LIFE

A ballet in the skies

Tricolour pride.

Tricolour pride.  

IT WAS with bated breath that everybody watched the take off and soon the dance in the air captivated the audience. The audience was spellbound when two aircraft etched a heart in the sky with their colourful trails.

In the jet age though we are, flying is still a wonder for most of us. And when the jets are engaged in aerobatics in the air, it is enough to give anyone a lasting visual experience.

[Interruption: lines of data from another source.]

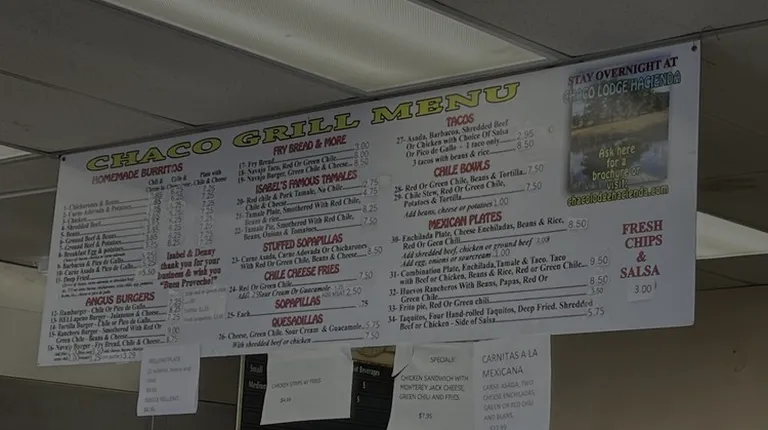 My husband and I live near and rely on Chaco Grill for its very tasty bean & chicharone and barbacoa burritos for lunch as a weekly treat. We also pick up breakfast burritos and rellenos often, and if we are very, very lucky the best tamales ever (not a regular menu feature.)We tend to order, go do our other errands in town and return in 15-20 minutes for pick-up, but calling ahead is a good idea.You can eat in, and they have had an outside area, but its really more of a pick-up and take-away situation - even if you just drive to a pull off with a pretty view and eat in the car, you'll never regret a burrito, or taco, or rellano from the Chaco Grill.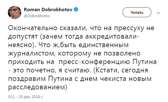 "Окончательно сказали, что на прессуху не допустят (зачем тогда аккредитовали - неясно). Что ж, быть единственным журналистом, которому не позволено приходить на пресс-конференцию Путина - это почетно, я считаю. (Кстати, сегодня поздравим Путина с днем чекиста новым расследованием)", - написал Доброхотов за полтора часа до начала мероприятия.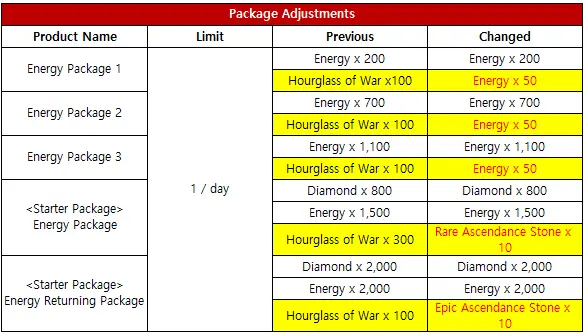 - 库存中存储的强化石销售价格将调整。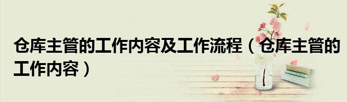 关于仓库主管的工作内容及工作流程,仓库主管的工作内容这个很多人还不知道,今天菲菲来为大家解答以上的问题,现在让我们一起来看看吧!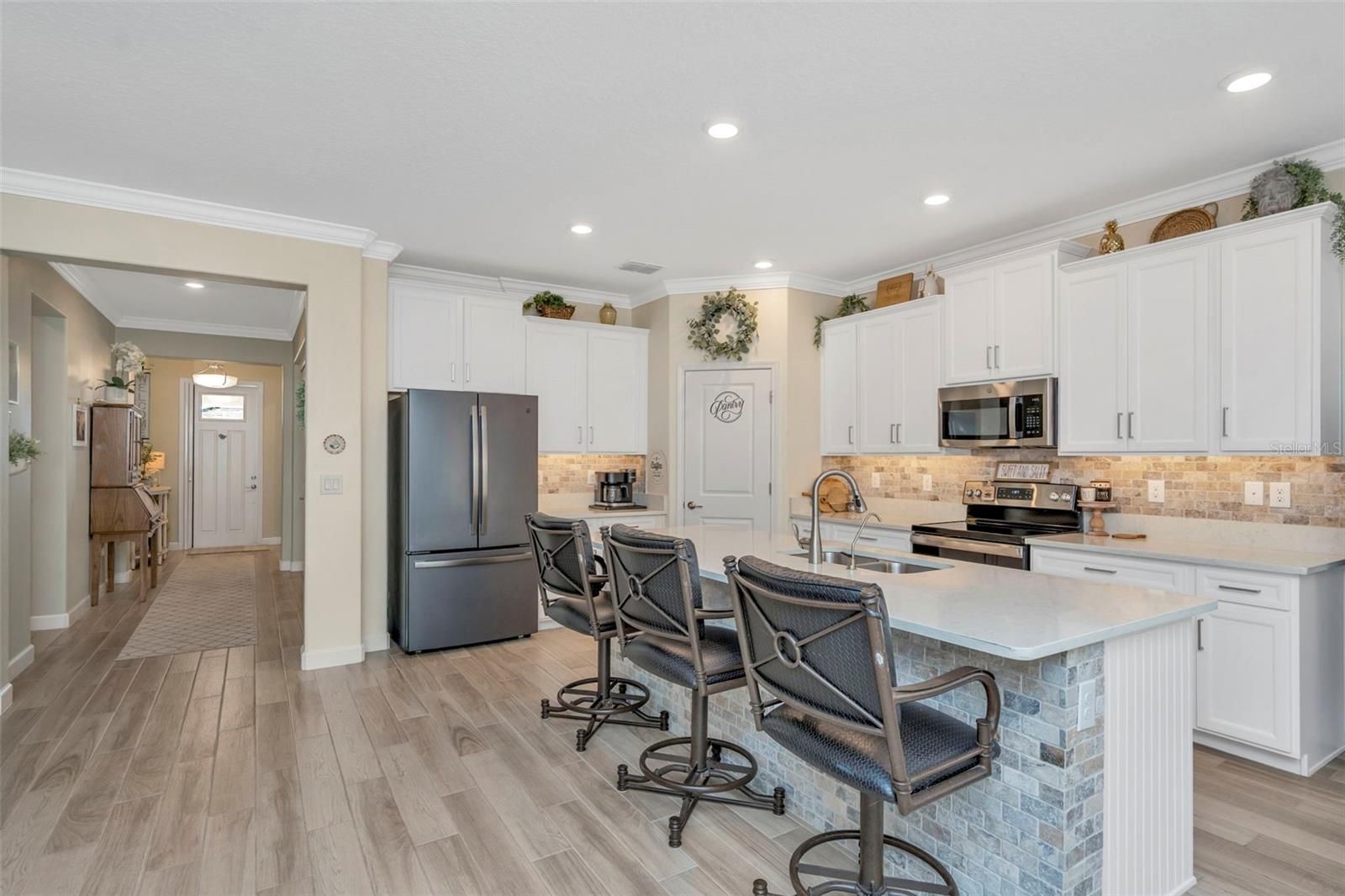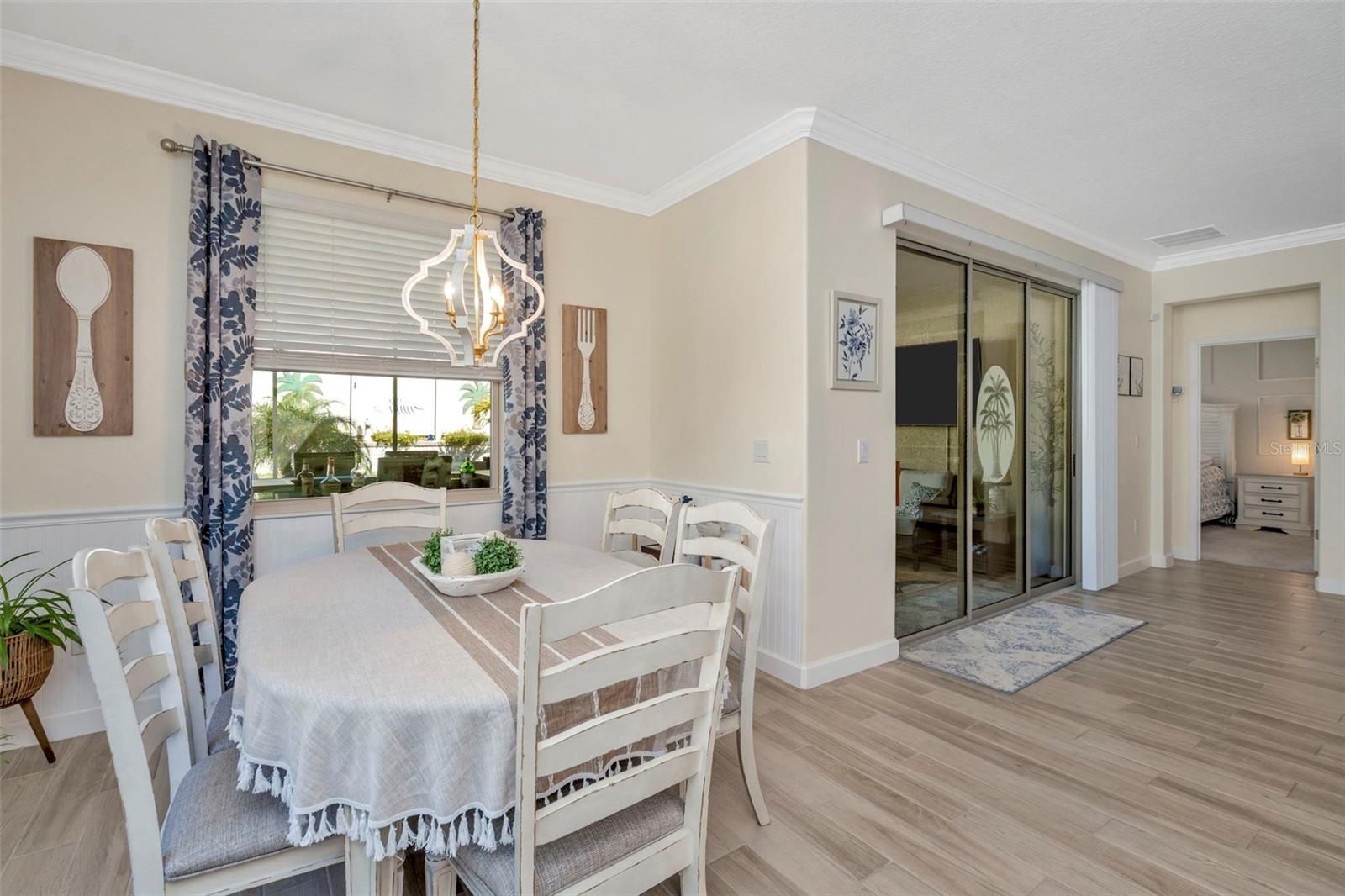 Luxury Florida Living, Elevated for the Active Lifestyle Welcome to a lifestyle defined by comfort, connection, and coastal-inspired luxury in this beautifully appointed home located within one of Florida’s most desirable active adult (55+) communities. Thoughtfully designed for effortless living and refined entertaining, this residence blends upscale finishes with resort-style amenities—right outside your door. One of the home’s standout features is the enclosed, screened extended lanai, elegantly finished with custom pavers and designed as a true outdoor living destination. Complete with a mounted television and ample space for dining and lounging, this private retreat is ideal for alfresco meals, game-day gatherings, or relaxed evenings under the Florida sky—all overlooking a fully fenced, private backyard, offering both serenity and seclusion. Inside, the open-concept living areas are light-filled and welcoming, seamlessly connecting indoor comfort with outdoor enjoyment. Whether hosting friends or savoring quiet mornings, every space has been thoughtfully curated for ease, style, and functionality. The plush and spacious primary suite serves as a private sanctuary, thoughtfully designed with both luxury and convenience in mind. The spa-inspired primary bath features a split dual vanity with generous counter space and a dedicated sit-down makeup area, a private water closet, and an extra-large custom tile and glass walk-in shower that delivers a true resort-style experience. The primary closet offers a seamless pass-through connection to the laundry room, adding everyday ease and thoughtful flow to the home’s design. The home’s open-concept floor plan is elevated by carefully selected finishes, including stone countertops, designer wainscoting accents, a marble tile backsplash, and tile flooring throughout the main living areas, creating a clean, cohesive, and timeless aesthetic ideal for both daily living and entertaining. Beyond the home, residents enjoy a resort-style clubhouse featuring a sparkling pool, modern fitness center, on-site restaurant and bar, plus pickleball and tennis courts that encourage an active, social lifestyle. A golf-cart-friendly path leads directly to the breathtaking 15-acre Mirada Lagoon, where crystal-clear waters and sandy beaches create a one-of-a-kind Florida experience—without ever leaving the community. Conveniently located near shopping, dining, healthcare, and everyday essentials, this home offers the perfect balance of privacy, luxury, and lifestyle. This is more than a home—it’s your next chapter of living well, living active, and living beautifully in Florida.

The Suryakiran team of the Indian Air Force, which comes here every year for an aerobatic performance as part of the Navy Week celebrations, once again thrilled the audience with their performance. This time, the team was led by a Malayali, Wing Commander Sreekumar Prabhakaran, who is a Mig-21 pilot with over 4,200 hours of flying.

Flying at varying speeds between 200 to 600 km per hour, at altitudes ranging from 100 to 1,000 feet, the Kiran aircraft which can attain a maximum speed of 780 km per hour, flew in various formations in the sky.

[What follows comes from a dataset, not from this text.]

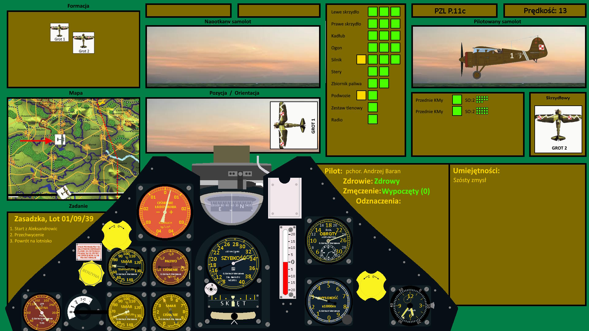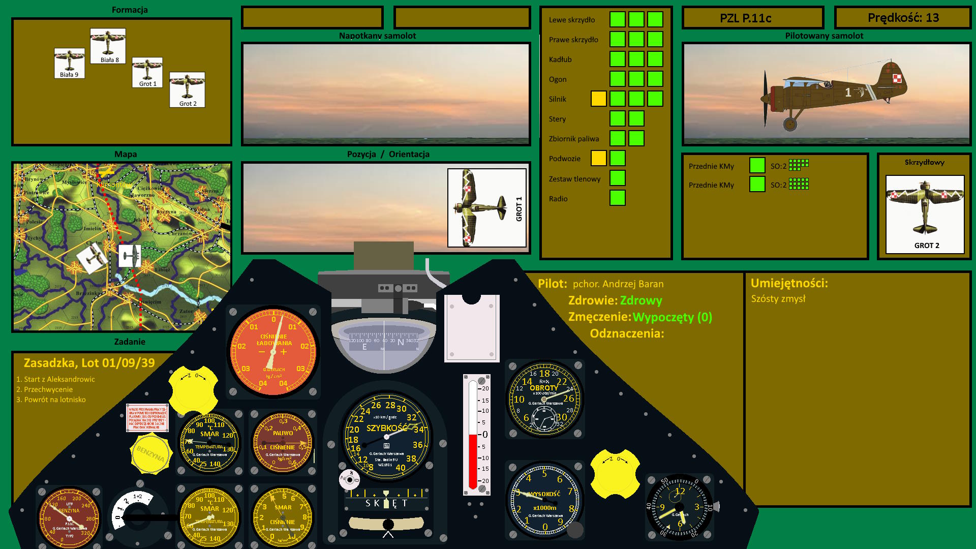 Gdy zbliżali się do Chełma, kończyły się chmury, które gęsto zalegały nad Beskidem, tworząc bardziej porozrywany obszar nad Małopolską. Rozglądali się wokół i nagle Andrzej dostrzegł ciemne kropki na tle ziemi, poruszające się niżej od nich. To była jakaś formacja... Kilkanaście maszyn, kierujących się na wschód, to był na pewno przeciwnik, którego ścigali. Andrzej rzucił szybko okiem na wskaźnik paliwa. Miał paliwa na około 30 minut z czego 10 minut trzeba było poświęcić na powrót do bazy...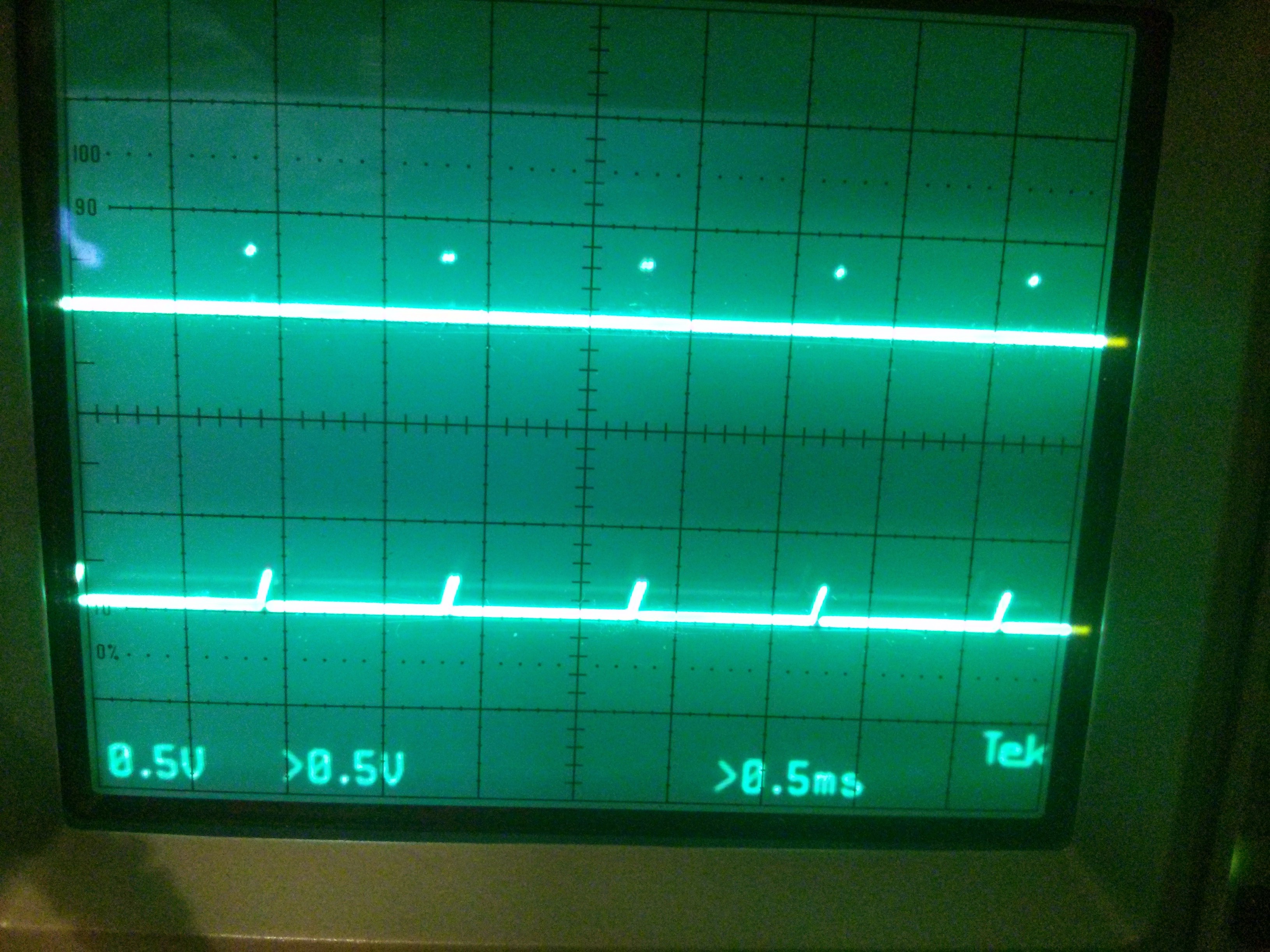 Here are two images of my oscilloscope, the two lines on the screen show the arduino end step output and the driver end step input. In one they are the same, because without the opto-isolator it’s just a direct wire connect. On this configuration everything is fine.

The V-shape in which the aircraft fly suddenly form two groups in the air and join again to form a `T' or a `Y' shape or other shapes which are described as wedge, shockwave, goblet and wine glass at the same time leaving behind tricolour smoke trails.

The squardon leaders, Sanjeev Sethi and Snajay Khajuria, and the synchro pair of the six-aircraft team, etched a heart in the sky. The aerobatics was initially named Thunderbolts when it was formed in 1982 comprising Hunter aircraft. These were replaced by indigenously made Kiran aircraft and the team was renamed Suryakiran (rays of the sun) which is based at the Air Force Station in Bidar.

The 30-minute aerobatics at the INS Garuda was one of the highlights of the Navy Week celebrations, which comes to an end this week.